Operational evidence (examples)

• IAM exports showing privileged role assignments and service account permissions for key processing systems
• Screenshots or exports of session controls (MFA enforcement, conditional access policies)
• Secrets management configuration proof (approved secret stores, rotation settings)
• Logging standards plus samples showing sensitive field redaction
• Change management records for production releases affecting sensitive processing
• Incident tickets or detections related to data exposure in memory/logging, plus remediation notes ¹

Third-party evidence (if applicable)

• Contract clauses requiring protection of data-in-use and limitations on debugging/log access
• Due diligence artifacts: SOC reports, shared responsibility documentation, or control attestations that speak to runtime access controls and privileged access governance ¹

Common exam/audit questions and hangups

Common questions you should be ready to answer with artifacts:

1. “Show me where sensitive data exists in use.” Expect follow-ups on the top workflows, not every system.
2. “Who can access production runtime and how do you control sessions?” Have the privileged access story tight (SSO, MFA, approvals, logging).
3. “How do you prevent data from showing up in logs, traces, or crash dumps?” This is a frequent gap for app teams.
4. “How do you know controls are operating?” Provide recurring evidence and reviews, not one-time screenshots. ¹

Hangup pattern: teams present encryption-at-rest and TLS diagrams. Auditors will push: “Where is it decrypted and processed, and what controls exist at that point?” ¹

Frequent implementation mistakes (and how to avoid them)

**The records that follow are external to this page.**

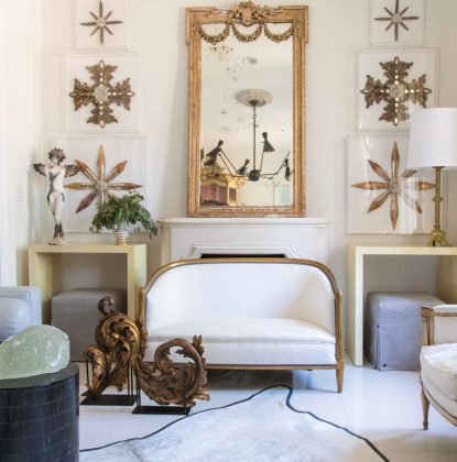 Composed of 17th- to 19th-century fragments, semi-precious geodes, and selenite mounted on canvas and framed in a signature Lucite frame. $475 to $900; nancypriceinteriors.com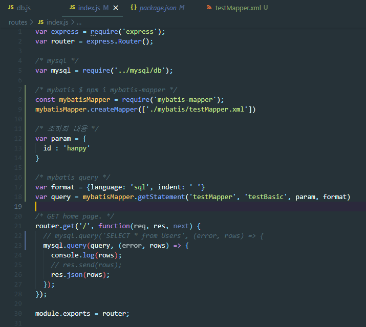 현재 routes/index.js 의 내부를 보면 내부 로직을 controllers/index.js과 models/indes.js로 옮겨서 가독성을 높이고 유지보수에 용이하게 만들어 볼 것이다. (정답은 없다. 아래를 참고해서 응용해서 자신만의 구조를 만들어보자. )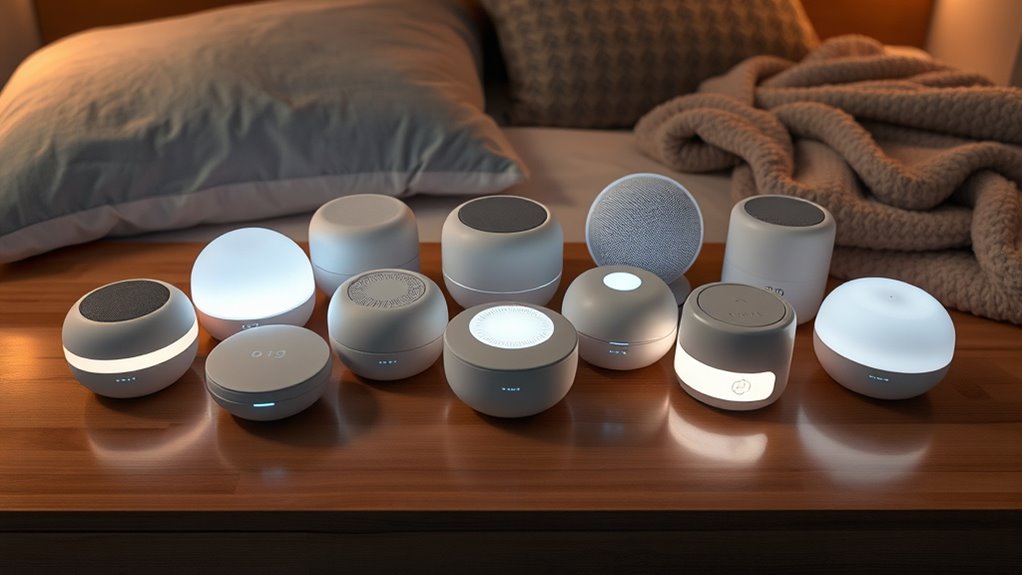 If you’re looking for the top high-fidelity white noise machines for deep sleep and focus, I’ve found 15 standout options. They offer advanced sound quality, multiple sound choices, customizable timers, and portable designs. Some come with soothing night lights or Bluetooth features for personalized use. Whether you need a compact travel model or a powerful home setup, these machines provide clear, natural sounds that mask environmental noise. Keep exploring—there’s more to discover to match your perfect relaxation companion.

Mistake	Why it fails PR.DS-10	How to avoid it
Treating PR.DS-10 as “database encryption”	Data-in-use is outside disk encryption scope	Build a data-in-use inventory and show runtime controls 1
No clear scope	You cannot prove coverage or prioritize	Start with crown-jewel workflows and document boundaries 2
Over-permissioned service accounts	Creates silent data-in-use exposure paths	Enforce least privilege and periodic access review evidence 1
Debug tooling left open in production	Memory/telemetry can expose sensitive data	Restrict APM/log access, redact fields, and gate crash dumps 1
Evidence is ad hoc	Audits become painful and inconsistent	Predefine evidence cadence and owners; collect continuously where possible 2

Enforcement context and risk implications

No public enforcement cases were provided in the source catalog for PR.DS-10, so this page does not cite specific actions.

Risk-wise, PR.DS-10 maps to failure modes that create real incident impact: unauthorized access through privileged sessions, exposure through logs and debugging, and tampering via compromised runtimes or pipelines. The compliance risk is compounded when you cannot demonstrate control operation with repeatable evidence mapped to the requirement. ¹

Practical 30/60/90-day execution plan

First 30 days (scope + minimum viable controls)

• Name a PR.DS-10 control owner and publish a short standard for data-in-use handling aligned to your data classification.
• Identify the highest-risk processing workflows and draft data flow diagrams with trust boundaries.
• Implement or verify: MFA/SSO for privileged access, least privilege for top service accounts, and a secrets storage standard.
• Stand up an evidence register: what you will collect, who collects it, and where it lives. ²

Days 31–60 (close gaps + validate operation)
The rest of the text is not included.